Muhlenberg County has been a major coal-producing region for the United States for many years; during most of the 1970s, Muhlenberg County annually produced more coal than anywhere else in the country. Although coal mining in the county waned in the late 1980s and early 1990s, as the 21st century began, the coal-mining industry in Muhlenberg and surrounding counties began to expand and has once again provided a significant number of jobs in the region. One reason for this is the willingness of utility operators to install flue gas cleaning systems so that bituminous coal can be burned with fewer airborne contaminants. Another reason is that most coal from the western US has a lower BTU content.

Muhlenberg County held Kentucky's first commercial coal mine, opened in 1820 as the "McLean Drift Bank" along the Green River in the former village of Paradise. The mine and its impact on the community are referenced in the John Prine song "Paradise". Other major employers in Muhlenberg County include:
- The Tennessee Valley Authority Paradise Combined Cycle Plant in Drakesboro
- The Green River Correctional Complex in Central City
- Dyno Nobel in Graham
- EBA&D in Graham
- Muhlenberg Community Hospital in Greenville
- Muhlenberg County Board of Education in Powderly
- Kentucky National Guard Wendell H. Ford Regional Training Center & Kentucky UTES
- Armstrong Coal Company in Central City
- Ken-American Resources: Paradise Underground Mine in Central City
- Kentucky Utilities Green River Generating Station in Central City
- Wal-Mart in Central City.
- Uncle Lee's / Wing Supply in Greenville, Kentucky
- Gourmet Express in Greenville
- Lethal Latte in Greenville, Kentucky

===Chamber of Commerce===
In January 2006, the Chambers of Commerce from Central City and Greenville merged to form the Greater Muhlenberg Chamber of Commerce, representing over 155 local businesses.

==Education==

===Schools===
Public schools in Muhlenberg County are operated by the Muhlenberg County Board of Education.
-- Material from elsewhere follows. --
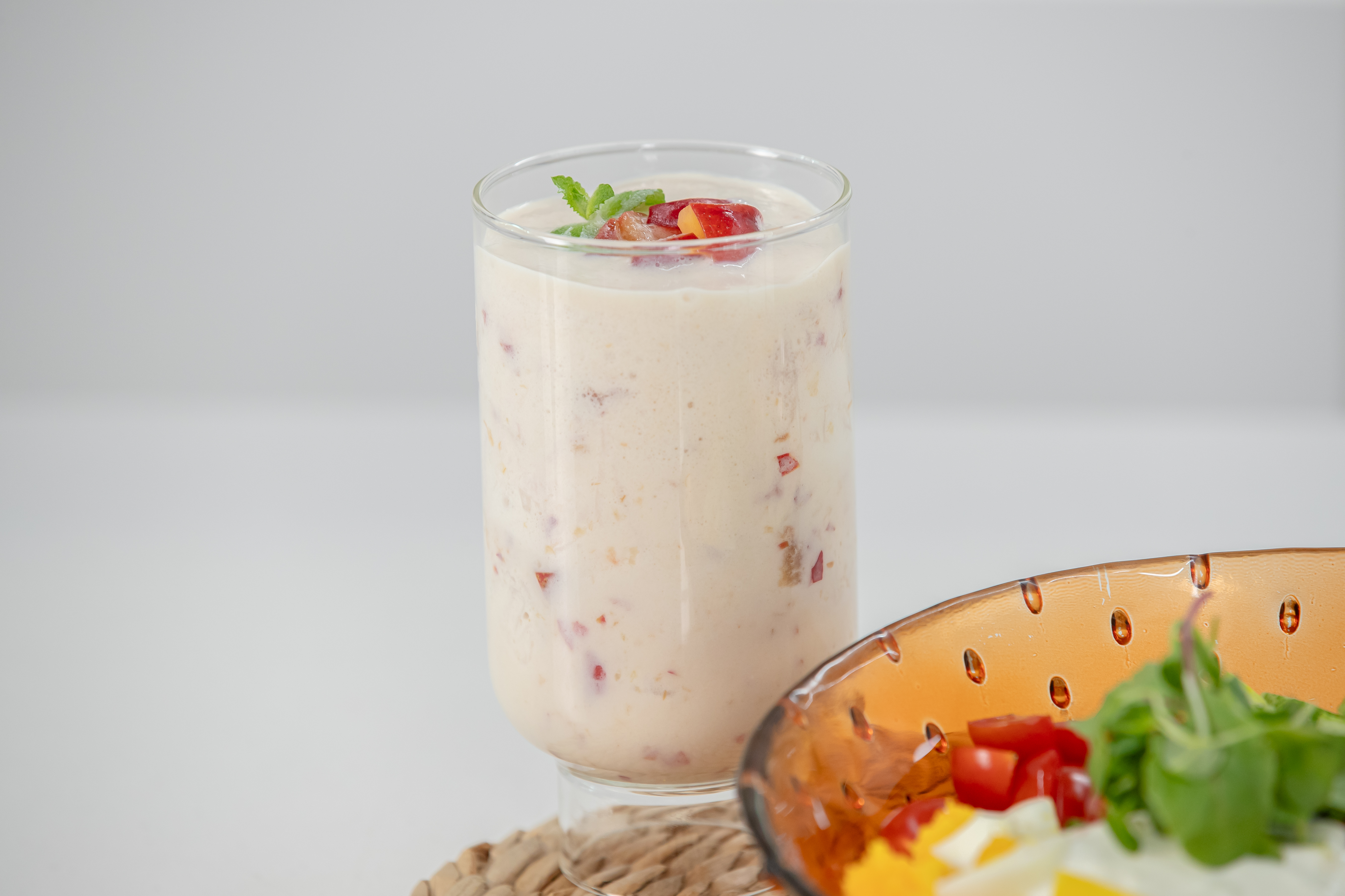④ 잘 갈린 자두청 라떼를 컵에 담고, 기호에 따라 자두 과육이나 애플민트를 추가하면 자두청 라떼 완성!

They include:

====Elementary (K-5)====
- Bremen Elementary School in Bremen
- Central City Elementary School in Central City
- Greenville Elementary School in Greenville (Kentucky)
- Longest Elementary School in Powderly
- Muhlenberg South Elementary School in Beechmont

====Middle (6-8)====
- Muhlenberg County Middle School

====High (9-12)====
- Muhlenberg County High School in Greenville.

====Postsecondary====
- Muhlenberg Campus of Madisonville Community College (Central City)
- Muhlenberg Career Development Center (between Central City & Greenville)

====Former schools====
- Drakesboro Elementary School in Drakesboro (closed in 2006)
- Graham Elementary School in Graham (closed in 2004)
- Hughes-Kirkpatrick Elementary School in Beechmont (closed in 2006)
- Lake Malone Elementary School in Dunmor (closed in 2005)
- Muhlenberg North High School (closed in 2009)
- Muhlenberg South High School (closed in 2009)

===Libraries===
- Harbin Memorial Library in Greenville is a public library, with free access to high-speed internet
- Central City Library in Central City is a public library, with free access to high-speed internet.

These libraries are operated as Muhlenberg County Public Libraries.

Thistle Cottage Genealogy and History Annex in Greenville also operates under the umbrella of Muhlenberg County Public Libraries as a museum and history archive.

===History of education===
At one time the county hosted eight secondary schools. Drakesboro Community closed after the class of 1964 graduated and in 1990, the school board consolidated the middle and high school students into two middle and two high schools. Bremen High School, Central City High School, Graham High School, and half of Muhlenberg Central High School became Muhlenberg North Middle School and Muhlenberg North High School, while the other half of Muhlenberg Central High School, Drakesboro High School, Hughes-Kirkpatrick High School, Greenville High School, and Lake Malone School (which housed some middle school students) became Muhlenberg South Middle School and Muhlenberg South High School. The eight distinct schools continued to house elementary school students.

In 2004, the school board began consolidating the elementary schools, closing Graham Elementary School and transferring students to Longest Elementary Greenville Elementary Schools; closing Lake Malone School and transferring students to Hughes-Kirkpatrick Elementary School. In 2005 Drakesboro Elementary School was closed, with students first attending Hughes-Kirkpatrick Elementary and then Muhlenberg South Elementary School (2006). Hughes-Kirkpatrick was later closed.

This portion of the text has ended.